▸ **EXTRACTED RECORDS**:
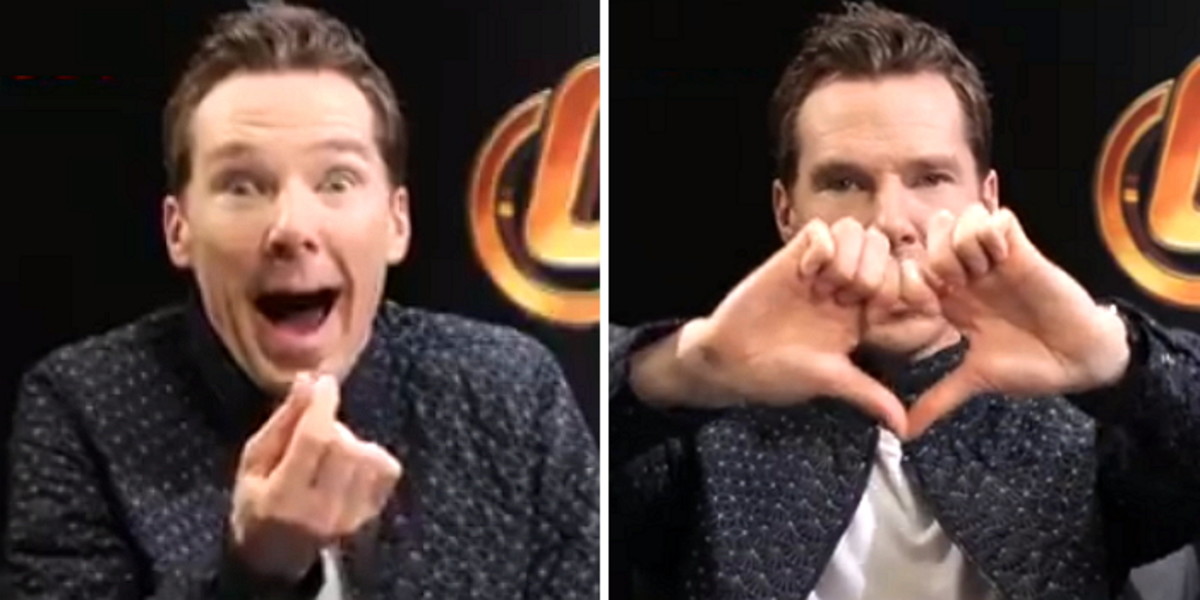 그러자 컴버배치는 눈과 입을 크게 벌리는 코믹한 표정을 지은 뒤 귀엽게 손가락 하트 포즈를 취했다.
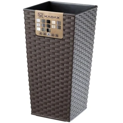 KADAX Tall Planter, Lightweight Plastic Flowerpot for Garden, Balcony, Large Weatherproof Plant Pot Outdoor and Indoor Use (57 cm, Mocha Rattan)
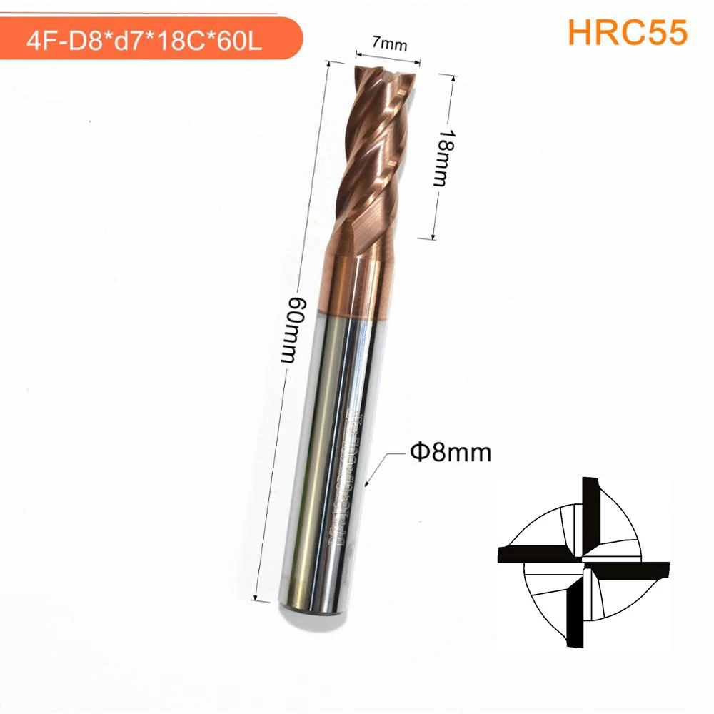 Твердосплавный Фрезерный резак D8 * d7 * 18C * 60L-CNC, HRC55 4-кратный спиральный плоский нижний концевой фрезерный станок, сталь с покрытием Tialn, железный режущий нож
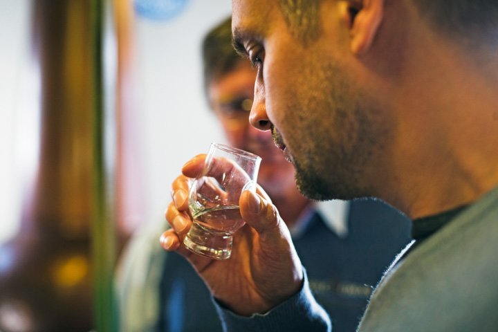 “Islay is very fertile, so you can grow barley, you can burn peat to dry it and there’s lots of water. The peat on Islay has a salty, iodiney character versus mainland peat, helping give Islay whisky its distinctive style,” Wills explains. From malting floor to peat kiln, mashing, fermenting and distilling through two copper stills, we follow the process from grain to clear alcoholic spirit, which is decanted into imported bourbon or sherry casks for maturation. After a minimum of three years, you have Scotch whisky.
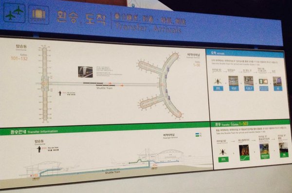 到了仁川機場,都沒有看到過攻略說要做地鐵去另一頭辦理入境,行李也是那邊出關拿。我們走到地鐵處以為走錯路,其他第一次來韓的遊客也是摸不著頭腦,因為看坐地鐵的人有些拿著行李。後來又上樓抓了個大叔雞同鴨講才知道沒走錯。就像一個發射基站,飛停都去那邊
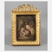 Anfang 20. Jh., signiert Pêcheur, Gouache auf Elfenbeinplatte, stark verkleinerte Kopie des berühmten Dresdner Originals, hinter Glas in vergoldete Messingleiste gefasst, Maße 15 x 11 cm.
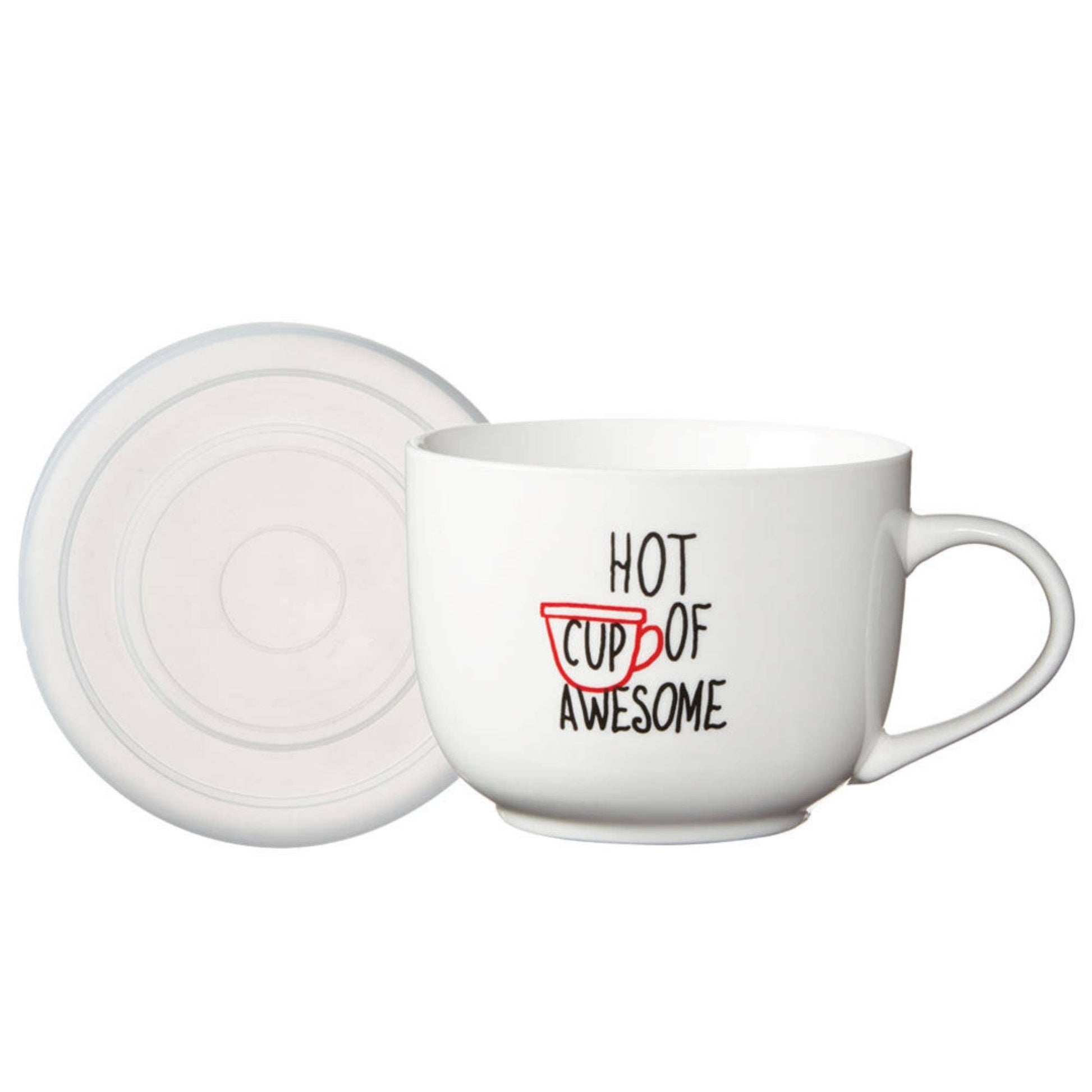 Soup mug or cool tea mug with a lid? You decide! Porcelain mug with whimsical saying 18-ounce mug Made with high quality porcelain Casual and stylish for everyday use Dishwasher and microwave safe.
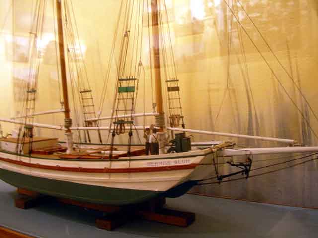 This model shows more clearly what I mean. Look at that flat bottom, the angle of the bow, the fact that it is about twice as long as it is wide. These things carried enormous loads of hay and other bulky cargo around the bay. Real workhorses of their day. |
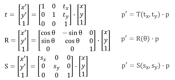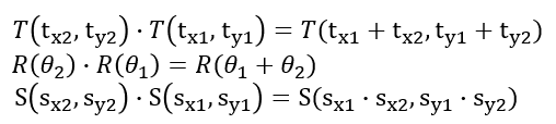 Translation 과 Rotation은 더하고, Scaling은 곱하는 연산이 된다.
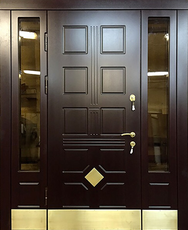 Натуральное дерево в отделке придаёт конструкции основательность и благородный внешний вид, а металлический каркас с листом стали толщиной 2 мм и системой ребер жёсткости обеспечивает надёжную защиту и долговечность. Входная дверь с остеклением №70 особенно востребована в частных домах и коттеджах, где важна не только безопасность, но и эстетика. Стеклянные элементы делают полотно визуально легче и наполняют прихожую естественным светом, при этом оставаясь частью прочной конструкции. Для комфорта предусмотрены два контура уплотнения, а терморазрыв в коробке и полотне защищает от промерзания и сохраняет тепло даже в сильные морозы. Итальянские замки Cisa цилиндрового и сувальдного типа дополняют высокий уровень безопасности. Возможность добавить кованые элементы, зеркало или стеклопакет позволяет адаптировать модель под архитектуру дома, подчёркивая индивидуальность и вкус владельцев. Входная дверь с остеклением №70 от производителя: быстрое изготовление и монтаж в Истре, индивидуальные размеры, широкий выбор материалов и фурнитуры, официальная гарантия до 10 лет.

▸ **ASSIGNED TASK**: Output only the lines running from the top of the data above to the line with "KADAX Tall Planter, Lightweight", inclusive, word for word and without pictures.

▸ **FINAL ANSWER**:
 그러자 컴버배치는 눈과 입을 크게 벌리는 코믹한 표정을 지은 뒤 귀엽게 손가락 하트 포즈를 취했다.
 KADAX Tall Planter, Lightweight Plastic Flowerpot for Garden, Balcony, Large Weatherproof Plant Pot Outdoor and Indoor Use (57 cm, Mocha Rattan)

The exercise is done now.